Taxation of Colonies Act 1778
- Parliament of Great Britain
- Long title: An Act for removing all Doubts and Apprehensions concerning Taxation by the Parliament of Great Britain in any of the Colonies, Provinces, and Plantations in North America and the West Indies; and for repealing so much of an Act made in the Seventh Year of the Reign of His late Majesty as imposes a Duty on Tea imported from Great Britain into any Colony or Plantation in America as relates to there.
- Citation: 18 Geo. 3. c. 12
- Territorial extent: British America and the British West Indies

Dates
- Royal assent: 11 March 1778
- Commencement: 11 March 1778
- Repealed: 18 July 1973

Other legislation
- Amends: Duties on Tea, etc. (American Plantations) Act 1766
- Amended by: Statute Law Revision Act 1871; Statute Law Revision Act 1887;
- Repealed by: Statute Law (Repeals) Act 1973
- Relates to: Customs Act 1772; Customs Act 1826;

Status: Repealed

Text of statute as originally enacted

= Taxation of Colonies Act 1778 =

Act of the Parliament of Great Britain

The Taxation of Colonies Act 1778 (18 Geo. 3. c. 12) was an act of the Parliament of Great Britain that declared Parliament would not impose any duty, tax, or assessment for the raising of revenue in any of the colonies of British America or the British West Indies.
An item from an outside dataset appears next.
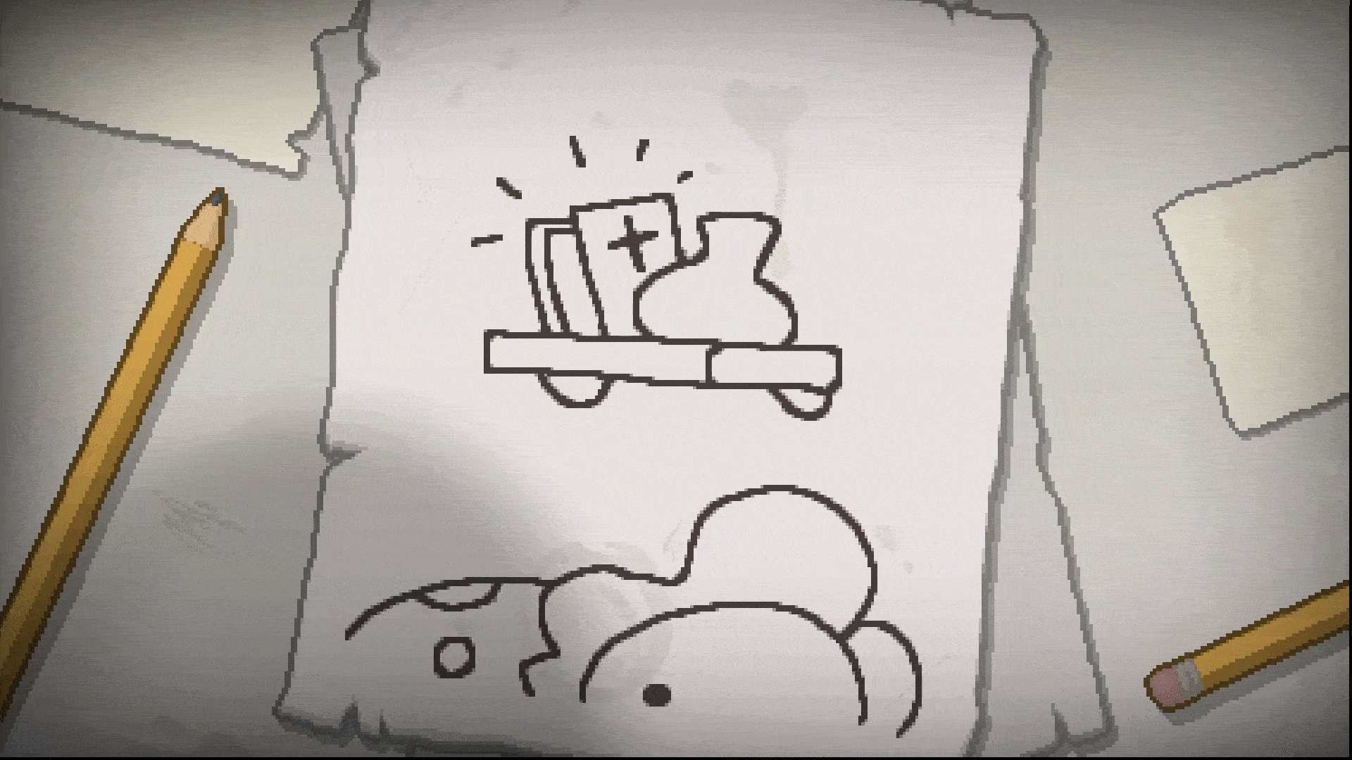1-2. Эпизоды из игры «The Binding of Isaac: Rebirth» [2014]. Разработчики: Эдмунд Макмиллен и студия Nicalis. Экспозиция и один из финалов истории, в котором Библия падает на мать Айзека и убивает ее

The act, passed during the American Revolutionary War, was an attempt by Parliament to end the war by conceding one of the early points of dispute.

Parliament's effort to tax the colonies without the consent of the colonists, especially as enacted in the Townshend Acts of 1767 and the Tea Act of 1773, had been a major cause of the American Revolution. This act noted that those taxes had "been found by experience to occasion great uneasiness and disorders" and that his Majesty desired "to restore the peace and welfare of all his Majesty's Dominions".

The act declared that Parliament would not impose any duty, tax, or assessment for the raising of revenue in any of the colonies. Parliament would only impose such duties as expedient to regulate commerce and the net income from these duties would be given to the colonies. In making this concession, Parliament was taking the position that American colonists had advocated a decade earlier, most notably John Dickinson in his 1767 and 1768 "Letters from a Farmer in Pennsylvania".

By the time the statute was enacted, it was too late to have any effect on the war: the dispute had expanded beyond taxation, and the colonies had already declared independence. Additionally, according to legal historian John Phillip Reid, "As a matter of constitutional law the statute was meaningless", because future parliaments would not be bound by the current parliament's pledge not to impose taxes.

== Subsequent developments ==
Section 2 of the act was repealed by section 1 of, and the schedule to, the Statute Law Revision Act 1871 (34 & 35 Vict. c. 116), which came into force on 21 August 1871.

The whole act was repealed by section 1(1) of, and part VII of schedule 1 to, the Statute Law (Repeals) Act 1973, which came into force on 18 July 1973.